I found an entirely new (to me) kind of Chinese living in Hong Kong. The Cantonese who make up the bulk of the population have stubbornly resisted change, and in Hong Kong you will find many old customs and traditions flourishing in a lively manner which you can’t find anywhere else in China. Perhaps this is because the rest of China has been exposed to the progressive influence of the Chiangs and their sort; I don’t know. The streets of the city were always full of long funeral processions, gay with costumes and discordant with brass bands. There were still brides carried about in sedan chairs, their faces hidden.
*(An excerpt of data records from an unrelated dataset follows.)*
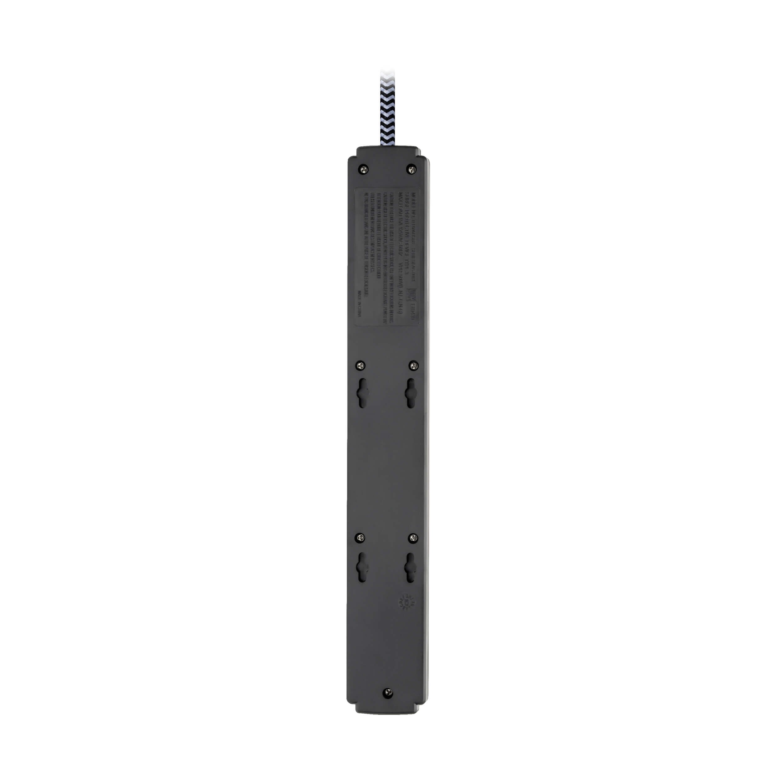 This surge protector has keyhole slots incorporated into the bottom panel provide convenient wall or desk mounting options for the black plastic housing.
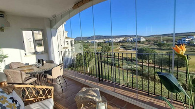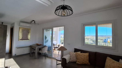 This well presented second floor corner apartment has glass curtain on the large main terrace with stunning views over the resort.The curevd wall design means this apartment has a large kitchen which has been upgraded. The bathroom has a window and been modernised with a walk in shower.Both bedrooms have wardrobes and patio doors leading the back terraces.The property has air-conditioning in the living room for summer and central heating for the cooler winter months. There is private underground parking and storage, with an elevator to all levels. The apartment is being sold furnished minus personal possessions. It would make an excellent holiday home or suitable for permanent living.The first thing that impresses you about Hacienda Riquelme Golf Resort is the wide-open spaces, the extensive gardens and the low-density construction, which create a relaxing environment to enjoy a very safe and peaceful life or holiday. The apartments are set out spaciously around the magnificent and challenging 18 hole golf course part of the Jack Nicklaus Golf Trail. In the heart of the resort you will find the beautiful renovated Hacienda where you will find a supermarket, clubhouse, restaurant and bar. The inner court yard becomes the hive of entertainment in the Summer, whilst the large terrace set in the stunning gardens is open all year for “al fesco” dining and drinking.Facilities:Gated Community.24 hour security."El Cason" Bar, Restaurant, Clubhouse. "Sips" Coffee ShopSupermarket.Summer Entertainment.19 large community swimming pools.Communal gardens.Trees, 5 lakes.Wild flowers & local wildlife.Driving range & Golf ShopTennis courts.Paddle tennis courts.Football / Basketball court.Outside gym area.Children's play areas.Hacienda Riquelme is very well connected by the main motorways. Murcia Airport (20 mins)Mar Menor beaches (15 mins)Mediterranean beaches (20 mins)For those who like historical buildings, architecture or a desire to shop, the lovely cities of Murcia and Cartagena provide plenty of entertainment. Murcia (30 mins)Cartagena (45 mins) Murcia Airport (20 mins)Near to the bustling popular village of Sucina with shops, restaurants, bars, chemist, supermarket and lots more (5 minutes)For more information on the apartments available please contact us.
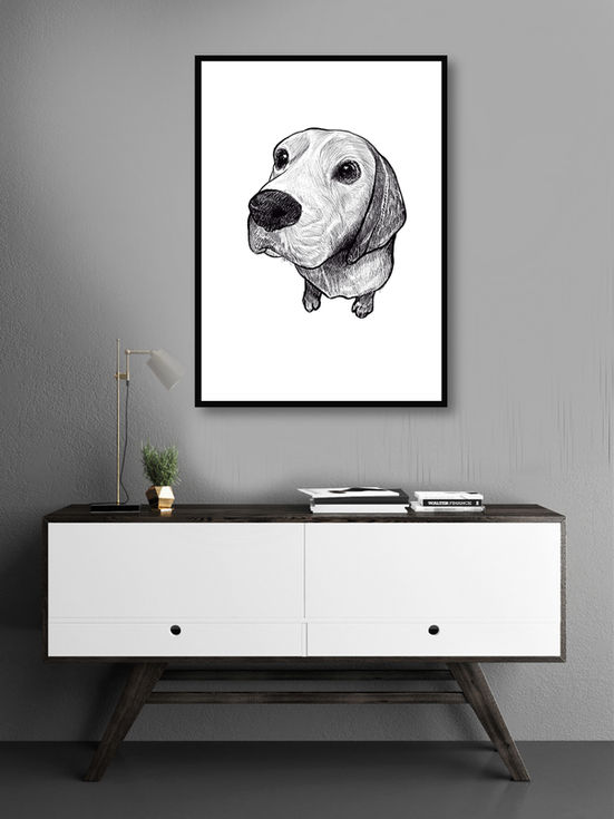 Arte á traço entregue em papel glossy 230g com moldura e vidro no tamanho A3 (42 x 21,9 cms).
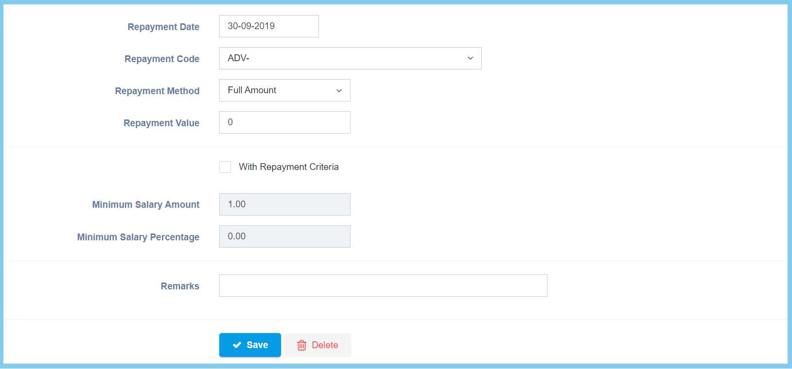 | Repayment Date | Select date from calendar | Select the repayment date of advance salary from calendar available. |

Now and then I even saw a naked baby with a little lock of hair braided into a queue on the top of his head.
We went out a lot with the gayer young British people, or with French or Dutch residents. (Charles’s gift for languages made him an unofficial expert on all “foreigners.” Most of the other Army people were simply terrified of them.) The general hated entertaining, so he left all that to Charles. This let us in for a lot of big cocktail parties in the Hongkong Hotel. It was much the existence I would have been leading in London, save for the fact that with a few exceptions the people we saw were not as amusing as those I could have dug up elsewhere. I didn’t mind it as much as I would have under different circumstances. I enjoyed it. But after a few months I was homesick anyway, for China.